Should a picture appear anywhere in the data, omit it and copy everything else exactly.

Records to use -

□ □ □

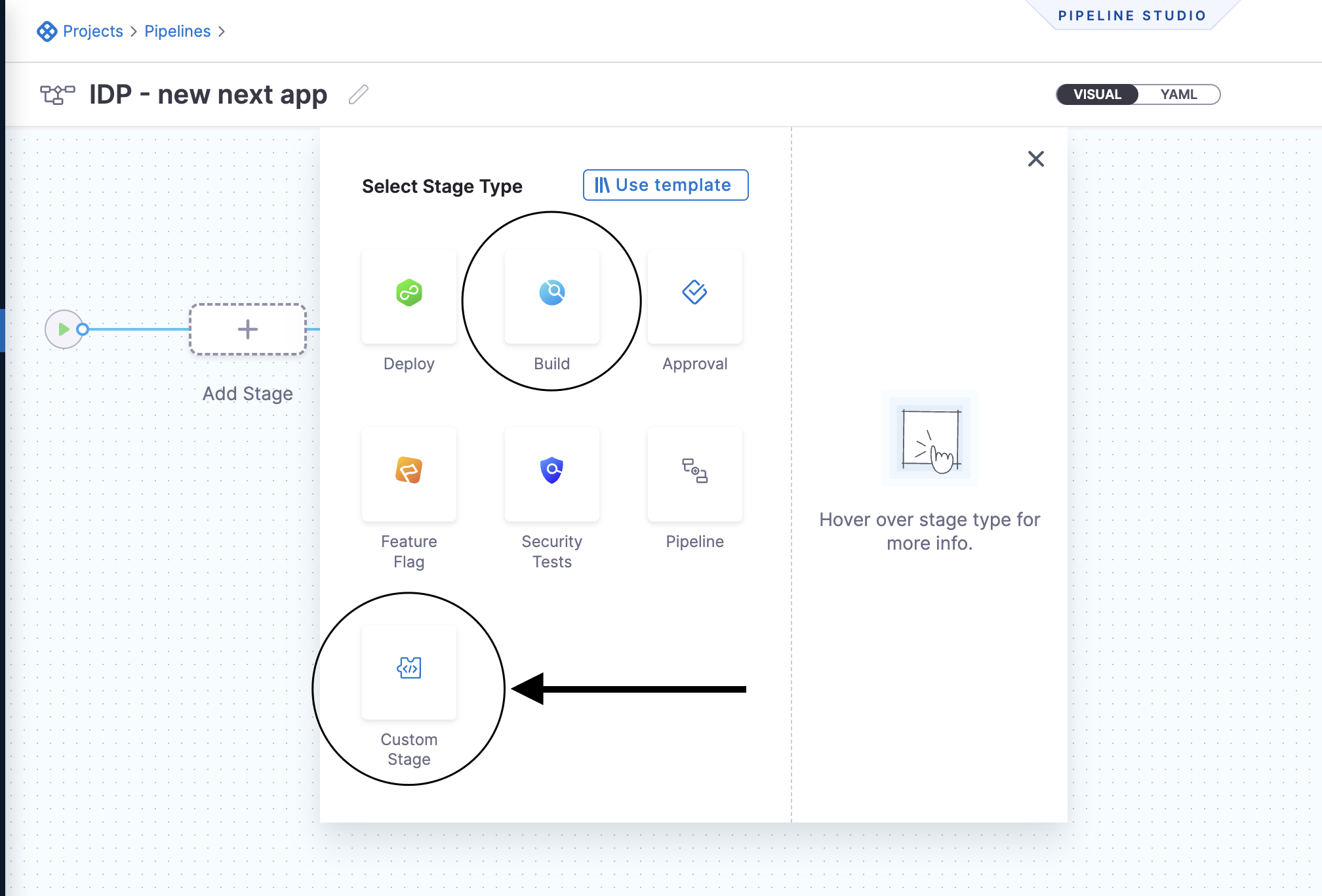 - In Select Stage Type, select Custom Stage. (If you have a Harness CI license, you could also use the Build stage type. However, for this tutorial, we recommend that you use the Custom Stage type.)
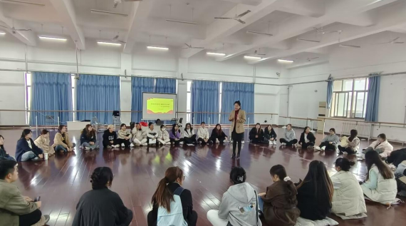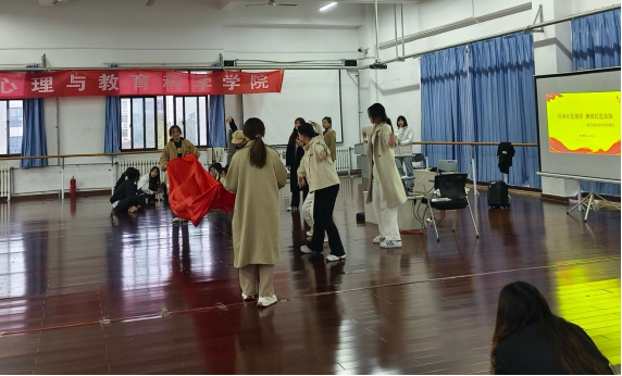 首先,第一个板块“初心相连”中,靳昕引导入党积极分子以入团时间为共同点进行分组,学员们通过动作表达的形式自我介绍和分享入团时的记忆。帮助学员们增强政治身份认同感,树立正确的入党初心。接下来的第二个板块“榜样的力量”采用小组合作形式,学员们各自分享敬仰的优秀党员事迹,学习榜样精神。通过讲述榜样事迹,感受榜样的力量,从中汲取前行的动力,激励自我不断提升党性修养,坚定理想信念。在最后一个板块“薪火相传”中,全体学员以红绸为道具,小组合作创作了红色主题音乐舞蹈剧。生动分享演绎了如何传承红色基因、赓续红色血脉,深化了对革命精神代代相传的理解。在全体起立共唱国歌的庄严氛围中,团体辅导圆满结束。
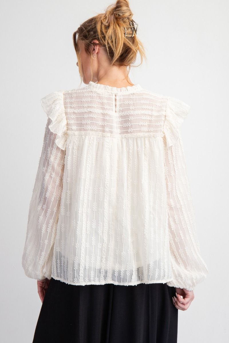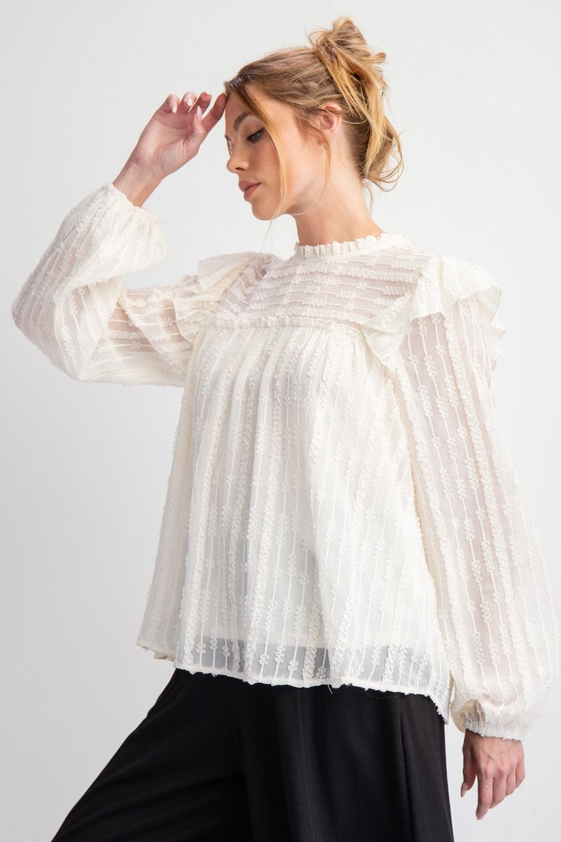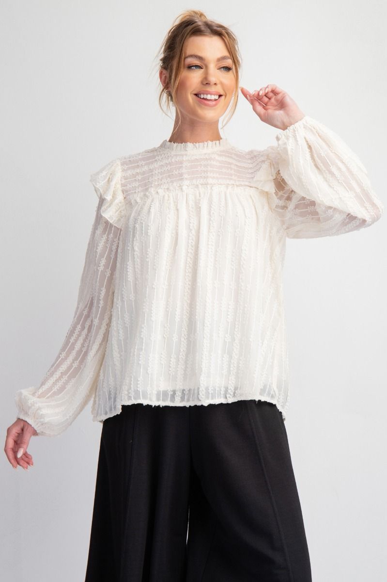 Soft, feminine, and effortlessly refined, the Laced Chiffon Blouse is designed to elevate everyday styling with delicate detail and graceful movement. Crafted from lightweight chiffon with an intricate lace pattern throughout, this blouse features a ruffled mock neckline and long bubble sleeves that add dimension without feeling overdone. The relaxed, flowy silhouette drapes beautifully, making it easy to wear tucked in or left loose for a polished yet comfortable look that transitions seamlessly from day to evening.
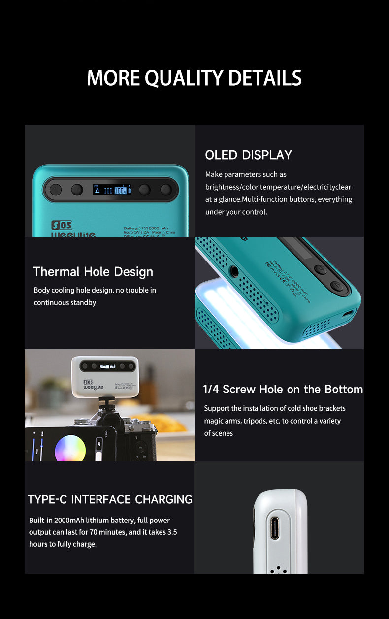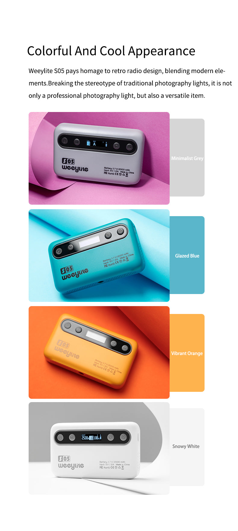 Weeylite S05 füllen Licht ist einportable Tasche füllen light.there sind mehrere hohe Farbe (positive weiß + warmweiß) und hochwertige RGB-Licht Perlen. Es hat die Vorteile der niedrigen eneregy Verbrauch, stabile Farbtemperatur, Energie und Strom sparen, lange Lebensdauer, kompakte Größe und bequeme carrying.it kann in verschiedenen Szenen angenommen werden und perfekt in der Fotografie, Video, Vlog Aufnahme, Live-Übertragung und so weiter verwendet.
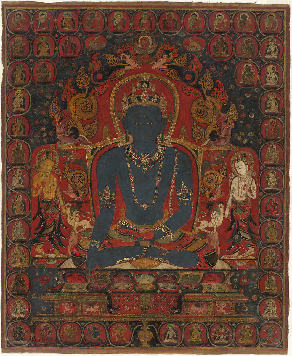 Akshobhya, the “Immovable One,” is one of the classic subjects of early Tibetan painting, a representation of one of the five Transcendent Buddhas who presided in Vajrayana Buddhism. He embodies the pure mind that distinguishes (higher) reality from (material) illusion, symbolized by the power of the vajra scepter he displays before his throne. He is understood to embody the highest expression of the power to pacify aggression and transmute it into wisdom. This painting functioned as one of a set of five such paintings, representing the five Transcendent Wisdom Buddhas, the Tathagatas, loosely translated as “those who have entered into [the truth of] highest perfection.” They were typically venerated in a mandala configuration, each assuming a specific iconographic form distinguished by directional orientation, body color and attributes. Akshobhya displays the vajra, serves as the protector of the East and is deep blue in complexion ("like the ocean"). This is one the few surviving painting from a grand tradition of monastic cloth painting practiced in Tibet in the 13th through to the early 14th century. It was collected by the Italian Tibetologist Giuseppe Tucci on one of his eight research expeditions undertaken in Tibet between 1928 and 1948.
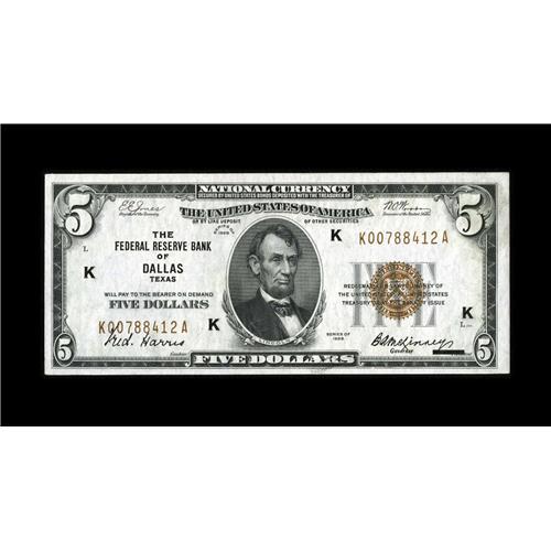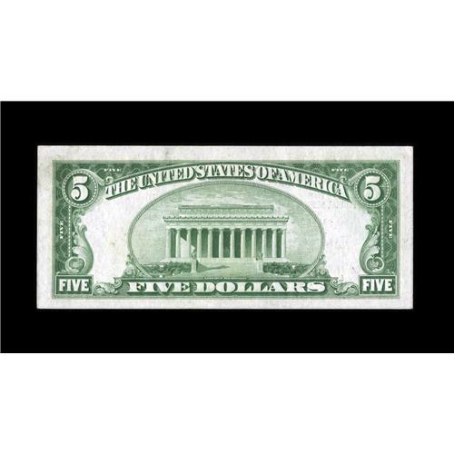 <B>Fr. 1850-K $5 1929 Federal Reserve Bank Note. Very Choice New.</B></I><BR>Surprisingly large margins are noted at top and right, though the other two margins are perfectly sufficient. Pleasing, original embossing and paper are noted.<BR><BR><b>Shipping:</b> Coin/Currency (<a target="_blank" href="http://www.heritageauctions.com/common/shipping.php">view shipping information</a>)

□ □ □

Written reply -
 - In Select Stage Type, select Custom Stage. (If you have a Harness CI license, you could also use the Build stage type. However, for this tutorial, we recommend that you use the Custom Stage type.)
 首先,第一个板块“初心相连”中,靳昕引导入党积极分子以入团时间为共同点进行分组,学员们通过动作表达的形式自我介绍和分享入团时的记忆。帮助学员们增强政治身份认同感,树立正确的入党初心。接下来的第二个板块“榜样的力量”采用小组合作形式,学员们各自分享敬仰的优秀党员事迹,学习榜样精神。通过讲述榜样事迹,感受榜样的力量,从中汲取前行的动力,激励自我不断提升党性修养,坚定理想信念。在最后一个板块“薪火相传”中,全体学员以红绸为道具,小组合作创作了红色主题音乐舞蹈剧。生动分享演绎了如何传承红色基因、赓续红色血脉,深化了对革命精神代代相传的理解。在全体起立共唱国歌的庄严氛围中,团体辅导圆满结束。
 Soft, feminine, and effortlessly refined, the Laced Chiffon Blouse is designed to elevate everyday styling with delicate detail and graceful movement. Crafted from lightweight chiffon with an intricate lace pattern throughout, this blouse features a ruffled mock neckline and long bubble sleeves that add dimension without feeling overdone. The relaxed, flowy silhouette drapes beautifully, making it easy to wear tucked in or left loose for a polished yet comfortable look that transitions seamlessly from day to evening.
 Weeylite S05 füllen Licht ist einportable Tasche füllen light.there sind mehrere hohe Farbe (positive weiß + warmweiß) und hochwertige RGB-Licht Perlen. Es hat die Vorteile der niedrigen eneregy Verbrauch, stabile Farbtemperatur, Energie und Strom sparen, lange Lebensdauer, kompakte Größe und bequeme carrying.it kann in verschiedenen Szenen angenommen werden und perfekt in der Fotografie, Video, Vlog Aufnahme, Live-Übertragung und so weiter verwendet.
 Akshobhya, the “Immovable One,” is one of the classic subjects of early Tibetan painting, a representation of one of the five Transcendent Buddhas who presided in Vajrayana Buddhism. He embodies the pure mind that distinguishes (higher) reality from (material) illusion, symbolized by the power of the vajra scepter he displays before his throne. He is understood to embody the highest expression of the power to pacify aggression and transmute it into wisdom. This painting functioned as one of a set of five such paintings, representing the five Transcendent Wisdom Buddhas, the Tathagatas, loosely translated as “those who have entered into [the truth of] highest perfection.” They were typically venerated in a mandala configuration, each assuming a specific iconographic form distinguished by directional orientation, body color and attributes. Akshobhya displays the vajra, serves as the protector of the East and is deep blue in complexion ("like the ocean"). This is one the few surviving painting from a grand tradition of monastic cloth painting practiced in Tibet in the 13th through to the early 14th century. It was collected by the Italian Tibetologist Giuseppe Tucci on one of his eight research expeditions undertaken in Tibet between 1928 and 1948.
 <B>Fr. 1850-K $5 1929 Federal Reserve Bank Note. Very Choice New.</B></I><BR>Surprisingly large margins are noted at top and right, though the other two margins are perfectly sufficient. Pleasing, original embossing and paper are noted.<BR><BR><b>Shipping:</b> Coin/Currency (<a target="_blank" href="http://www.heritageauctions.com/common/shipping.php">view shipping information</a>)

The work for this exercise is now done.